START Provided data

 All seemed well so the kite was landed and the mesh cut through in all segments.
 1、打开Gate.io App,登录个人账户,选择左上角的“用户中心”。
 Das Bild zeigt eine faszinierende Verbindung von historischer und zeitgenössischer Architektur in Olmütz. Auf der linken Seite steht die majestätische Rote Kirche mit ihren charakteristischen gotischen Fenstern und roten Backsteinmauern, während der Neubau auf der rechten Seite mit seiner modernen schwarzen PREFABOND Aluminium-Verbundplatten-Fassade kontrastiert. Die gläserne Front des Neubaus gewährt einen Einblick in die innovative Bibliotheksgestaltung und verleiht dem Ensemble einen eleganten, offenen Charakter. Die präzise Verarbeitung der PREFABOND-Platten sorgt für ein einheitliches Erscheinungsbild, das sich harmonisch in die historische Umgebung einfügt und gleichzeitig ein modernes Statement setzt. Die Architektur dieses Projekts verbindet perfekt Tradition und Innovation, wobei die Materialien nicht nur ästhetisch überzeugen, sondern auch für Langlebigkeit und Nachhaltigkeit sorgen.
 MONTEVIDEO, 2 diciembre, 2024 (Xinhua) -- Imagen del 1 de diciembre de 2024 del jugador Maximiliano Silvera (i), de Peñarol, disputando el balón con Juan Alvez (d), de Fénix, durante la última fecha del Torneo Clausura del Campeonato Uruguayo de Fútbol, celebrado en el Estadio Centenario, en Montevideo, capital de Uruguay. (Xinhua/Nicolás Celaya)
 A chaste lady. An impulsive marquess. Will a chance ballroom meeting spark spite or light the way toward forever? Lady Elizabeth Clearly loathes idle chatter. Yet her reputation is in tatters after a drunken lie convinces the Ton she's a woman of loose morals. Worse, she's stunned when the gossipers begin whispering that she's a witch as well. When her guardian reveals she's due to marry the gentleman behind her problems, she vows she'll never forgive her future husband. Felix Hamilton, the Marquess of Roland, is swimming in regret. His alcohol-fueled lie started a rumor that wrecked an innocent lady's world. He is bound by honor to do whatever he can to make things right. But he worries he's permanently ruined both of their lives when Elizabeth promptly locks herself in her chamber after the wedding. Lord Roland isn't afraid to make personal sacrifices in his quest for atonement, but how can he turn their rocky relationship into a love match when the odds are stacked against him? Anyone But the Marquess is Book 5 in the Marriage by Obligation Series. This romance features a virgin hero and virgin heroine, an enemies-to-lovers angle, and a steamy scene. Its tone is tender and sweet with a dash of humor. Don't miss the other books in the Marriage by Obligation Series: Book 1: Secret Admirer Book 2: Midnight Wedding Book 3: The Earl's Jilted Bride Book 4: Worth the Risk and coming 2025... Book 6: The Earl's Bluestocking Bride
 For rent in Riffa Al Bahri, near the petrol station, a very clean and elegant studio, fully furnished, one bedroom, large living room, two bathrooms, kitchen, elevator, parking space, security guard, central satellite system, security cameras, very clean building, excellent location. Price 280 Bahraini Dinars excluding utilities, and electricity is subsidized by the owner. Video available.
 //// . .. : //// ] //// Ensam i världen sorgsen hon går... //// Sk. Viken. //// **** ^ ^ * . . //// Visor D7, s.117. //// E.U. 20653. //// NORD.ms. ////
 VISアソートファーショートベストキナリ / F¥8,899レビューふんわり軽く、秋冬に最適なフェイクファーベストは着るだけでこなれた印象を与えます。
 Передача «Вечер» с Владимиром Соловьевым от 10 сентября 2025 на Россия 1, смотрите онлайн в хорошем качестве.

END Provided data
START Provided data

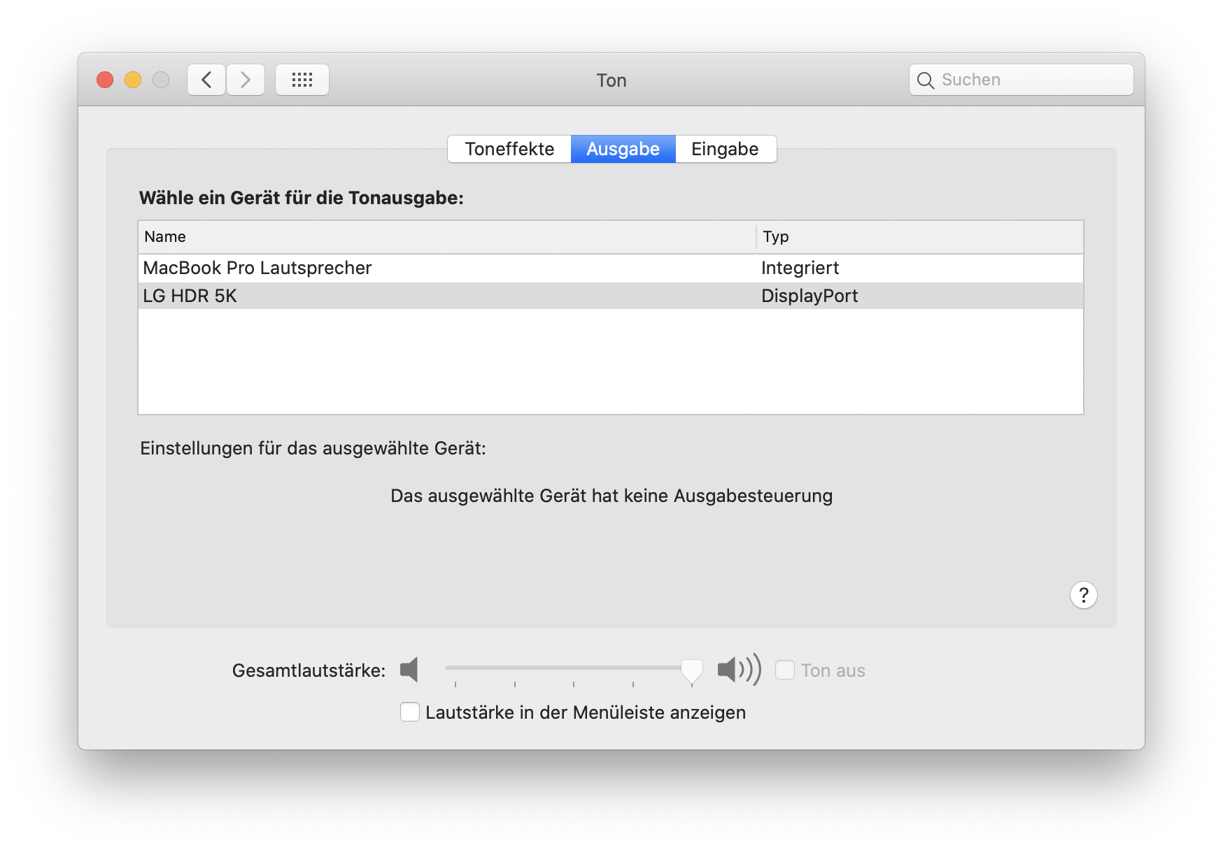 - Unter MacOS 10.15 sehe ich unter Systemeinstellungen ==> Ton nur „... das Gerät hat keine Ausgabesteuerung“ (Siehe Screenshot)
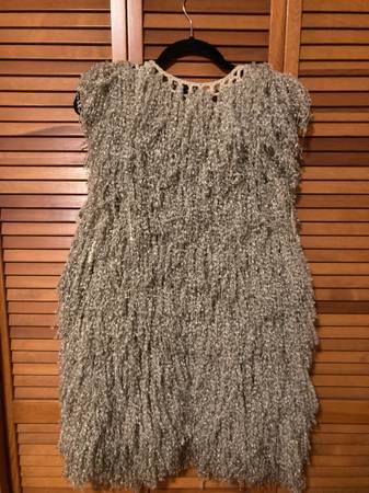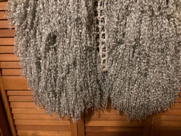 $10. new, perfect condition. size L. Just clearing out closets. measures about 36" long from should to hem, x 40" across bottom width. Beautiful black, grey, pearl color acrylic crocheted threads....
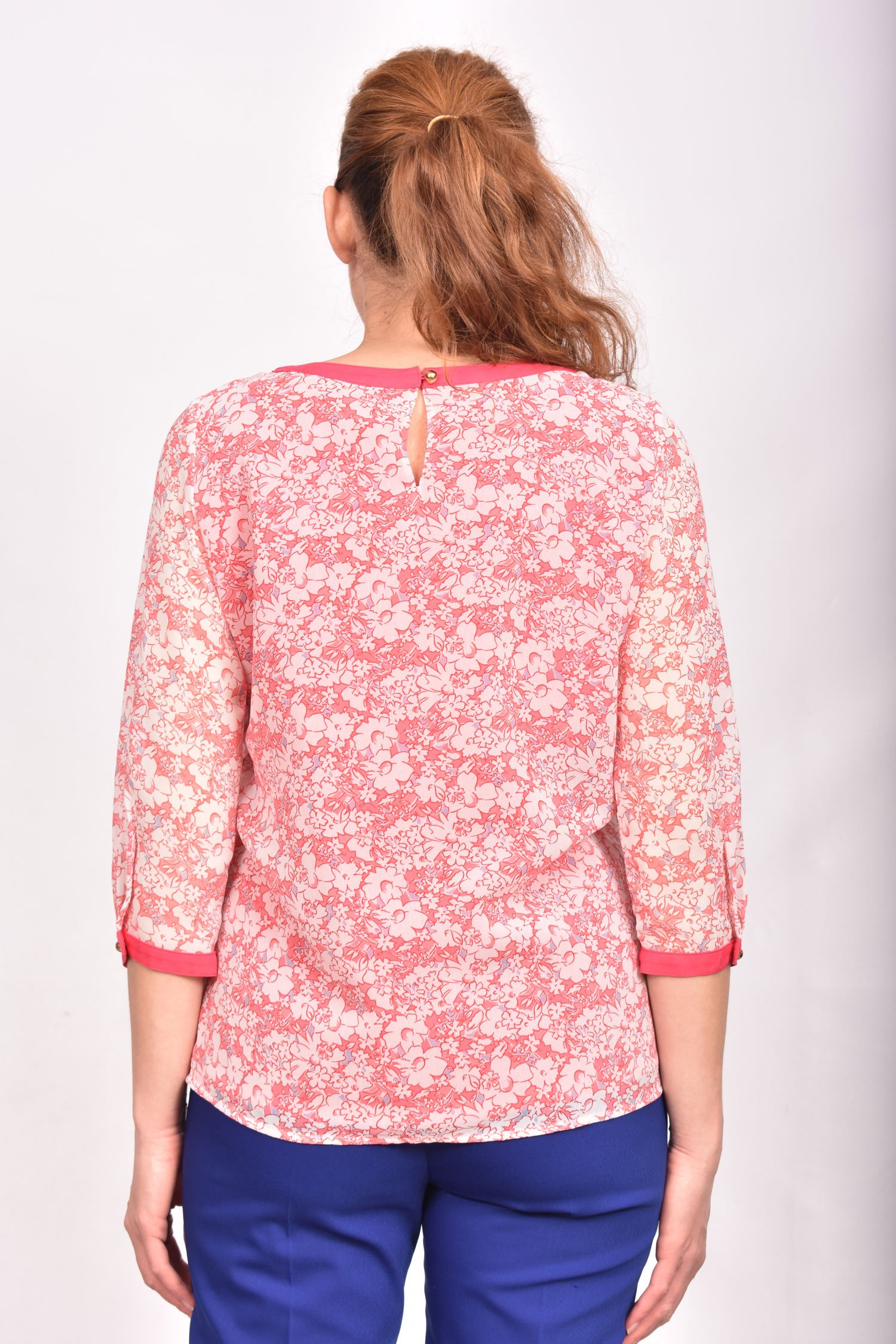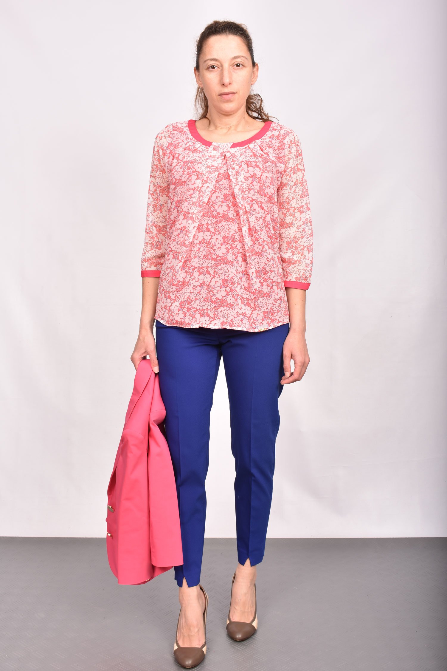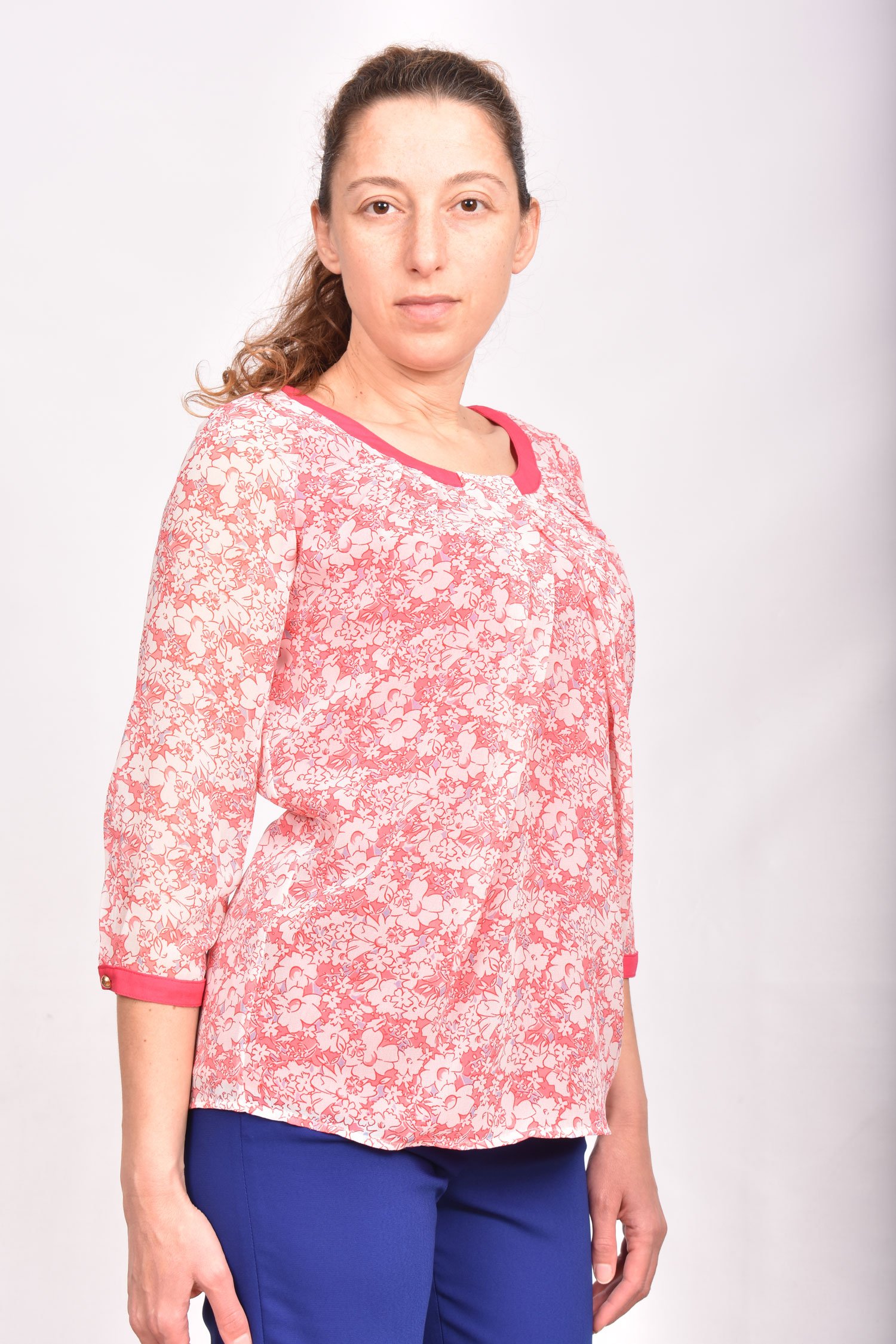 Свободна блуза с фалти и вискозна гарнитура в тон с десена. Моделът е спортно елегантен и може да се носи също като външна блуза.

END Provided data

## Task directions
Copy the lines of the data above exactly as written, beginning with the line containing "20653. //// NORD.ms. ////" and ending with the line containing "в хорошем качестве.", and leave out all other lines.

## Written answer
 //// . .. : //// ] //// Ensam i världen sorgsen hon går... //// Sk. Viken. //// **** ^ ^ * . . //// Visor D7, s.117. //// E.U. 20653. //// NORD.ms. ////
 VISアソートファーショートベストキナリ / F¥8,899レビューふんわり軽く、秋冬に最適なフェイクファーベストは着るだけでこなれた印象を与えます。
 Передача «Вечер» с Владимиром Соловьевым от 10 сентября 2025 на Россия 1, смотрите онлайн в хорошем качестве.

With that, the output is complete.